5x7" Saxon Print process

This year at conventions (and through my online store) I'll be offering a few new matted prints. For one of these, I did a new image of Saxon with a lantern. The print is 5" x 7" in a 8x10 mat. To the left you can see the finished art, but for today's blogpost, I'll go through the steps involved in creating the piece. 

The original art is bigger than 5x7. I drew it larger to give myself a bit more breathing room while penciling and inking it, but knowing it was going to be printed smaller led me in decision making for the image.

I started with the idea of a single character, in a non-action pose. I'd contemplated having it be a portrait, but decided that it would be more interesting to show full body and perhaps some suggestion of a setting. So, in pencil, I sketched out Saxon holding a sword and lantern. With the lantern, I thought could play up some interesting lighting effects. For the setting I sketched in some suggestion of leaves and a stick-strewn floor, but figured what it lacked in detail would be made more interesting with the glow coming from the lantern.

Because the lighting effects were going to be so important with this piece, I did a little photoshop underpainting on my pencil rough to work out if my idea would look the way I vaguely was imaging it. This step helped me think about how I wanted to handle the shadows...if I wanted to have them be painted in color details or values established by the inks. I opted for the colors to do the heavy lifting in this case other than a bit in the details on the floor where I less densely concentrated the black in the part that would be the most illuminated.

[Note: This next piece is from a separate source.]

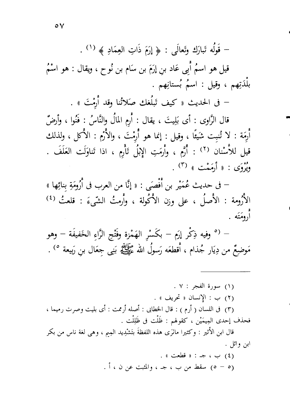 (5 وفيه ذِكْر إرَم - بكَسْرِ الهَمْزة وفَتْحِ الرَّاءِ الخَفيفَة - وهو مَوضِعٌ من دِيار جُذام، أقطعَه رَسولُ الله - صلى الله عليه وسلم - بَنِى جِعال بنِ رَبيعة 5).

I printed out my Photoshop composite (I turned down the underpainting a bit so the pencil lines stood out more clearly) and taped it to the back of a sheet of Strathmore 300 series bristol. On my lightbox, I was able to see through the bristol to the printout so I could follow my pencil lines as I inked on the surface of the bristol. I used Copic Multiliners to ink with and tended to use the 0.7 and 0.3 nibs for most everything here. I do wish that in the same way I left open white areas in the lantern's range on the ground, I'd left some less dense highlights on the chainmail piece. Oh well.

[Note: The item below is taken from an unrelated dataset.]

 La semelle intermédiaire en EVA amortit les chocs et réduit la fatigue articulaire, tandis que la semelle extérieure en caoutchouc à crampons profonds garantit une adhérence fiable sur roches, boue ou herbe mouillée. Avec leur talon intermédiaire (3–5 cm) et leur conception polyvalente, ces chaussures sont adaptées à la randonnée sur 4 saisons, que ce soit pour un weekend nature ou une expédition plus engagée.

After the inks were finished I scanned them into photoshop and started prepping my file for coloring. The most tedious part of this process is called "flatting" where flat (non-rendered) colors are laid in establishing what areas are which colors. It's basically an exercise in "stay in the lines" coloring. 

Once the flats are established, it's easy to select parts to render and add effects to. For most of that I use the Dodge and Burn tools in Photoshop. They are used to lighten and darken whatever the base color you are going over. I use a stock Photoshop brush that has some texture while I do this to get the final look of the piece.

And here again is the finished piece. The prints are available in my online store or at my convention appearances.

Saxon Print: http://mouseguard.bigcartel.com/product/8x10-saxon-print

2015 Appearances:
C2E2 April 24-26
Motor City May 15-17
Denver Comic Con May 22-25
Heroes Con June 19-21
Long Beach Comic Con: Sept. 12-13
Baltimore Comic Con Sept. 25-27
New York Comic Con Oct. 8-11
Art-Bubble Comics Festival: Copenhagen: Nov. 14-15


Jim Stewart said...

You got boinged!


Also, it was great running into you at C2E2 in Chicago!

(the old fat bearded guy that has bought four of your prints over the years)!

j13 said...

How long until these are available on the site? I am so eager to add to my collection.